1990年代以降、遺伝子組換え作物と疾病が急増

 2012年に制作された『遺伝子組み換えルーレット~生命のギャンブル』。この映画には、医者や医療分野の研究者、自閉症やアレルギーに苦しむ子どもの親たち、家畜の健康障害を扱った獣医などが登場し、多くの証言と科学的な見地から、遺伝子組換えと健康問題との因果関係を追究しています。

 映画では、アメリカにおける糖尿病患者数の推移と遺伝子組換え作物の耕作割合の推移とのグラフを比較。90年代後半、農地における遺伝子組換え作物の耕作割合は急激に増えましたが、糖尿病の患者数も90年代後半に急増し、グラフ上でもほとんど同じように推移しています。そのほか、統計を比べてみると、腎臓病、内臓疾患、腸の病気、がんにおいても、同様の傾向を示しています。

糖尿病患者数の割合とグリホサート(除草剤の一種)、遺伝子組換え耕作の割合の比較
(黄色:糖尿病患者の人口割合/青:遺伝子組換え大豆・とうもろこしの耕作割合/赤:大豆・とうもろこしへのグリホサート散布の割合を示す)
※Swanson, N. Leu, A. Abrahamson, J. Wallet, B. 2014. Genetically engineered crops, glyphosate and the deterioration of health in the United States of America. Journal of Organic Systems, 9(2), 17. [online]

 この映画の日本語版の翻訳監修者でもある株式会社オルター・トレード・ジャパン政策室の印鑰(いんやく)智哉さんは、次のように解説します。

「比較したグラフ自体は、遺伝子組換えとの間の因果関係を示すものではありません。しかし最近では研究も進んで、遺伝子組換えが健康被害に大きく関わっていることを指摘する論文が数多く出てきています」

 印鑰さんが紹介するのは、害虫に抵抗性を持たせた遺伝子組換え作物についての論文(※)。研究によれば、害虫を殺すために組み込まれた毒素が、ヒトの細胞にも有害であると報告されています。
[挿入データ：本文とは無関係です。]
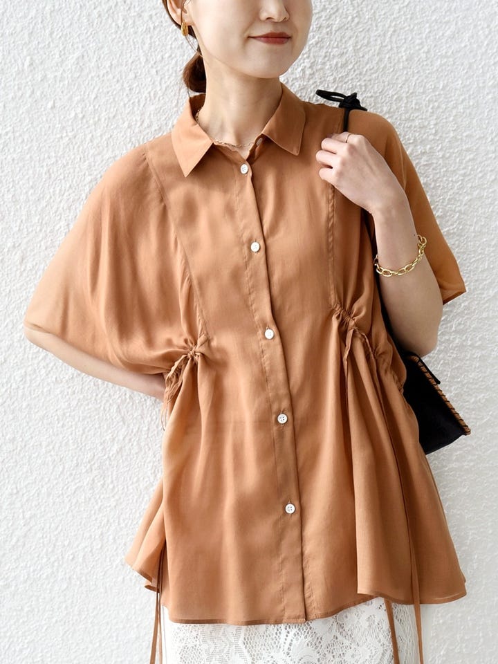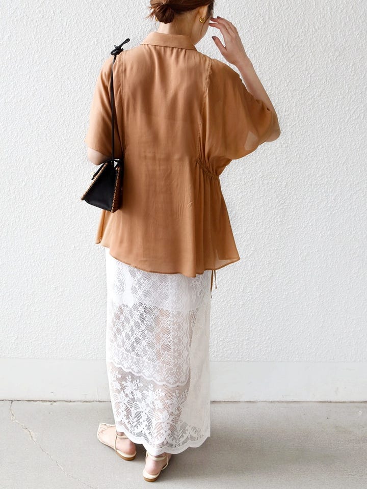 〔ONE SIZE〕《予約》【WEB限定】〈手洗い可能〉ウエスト ドロスト シアー ブラウス

映画では、この毒素が人や家畜の腸に細かい穴を開け、免疫疾患などを引き起こしている疑いが指摘されています。

※Mesnage, R. Clair, E. Gress, S. Then, C. Szekacs, A. Seralini, G.-E. Cytotoxicity on human cells of Cry1Ab and Cry1Ac Bt insecticidal toxins alone or with a glyphosate-based herbicide. J Appl Toxicol. 2013;33 (7):695-699. [online]
Finamore, A1. Roselli, M. Britti, S. Monastra, G. Ambra, R. Turrini, A. Mengheri E. Intestinal and peripheral immune response to MON810 maize ingestion in weaning and old mice. J Agric Food Chem. 2008 Dec 10;56(23):11533-9. [online]

遺伝子組換えの畑では、農薬の使用量が増加

 遺伝子組換えは、異なる生物の遺伝子を掛け合わせる技術。今、主に生産されているのは、先述した害虫に抵抗性を持たせたものと、除草剤に耐性を持つものとの2つです。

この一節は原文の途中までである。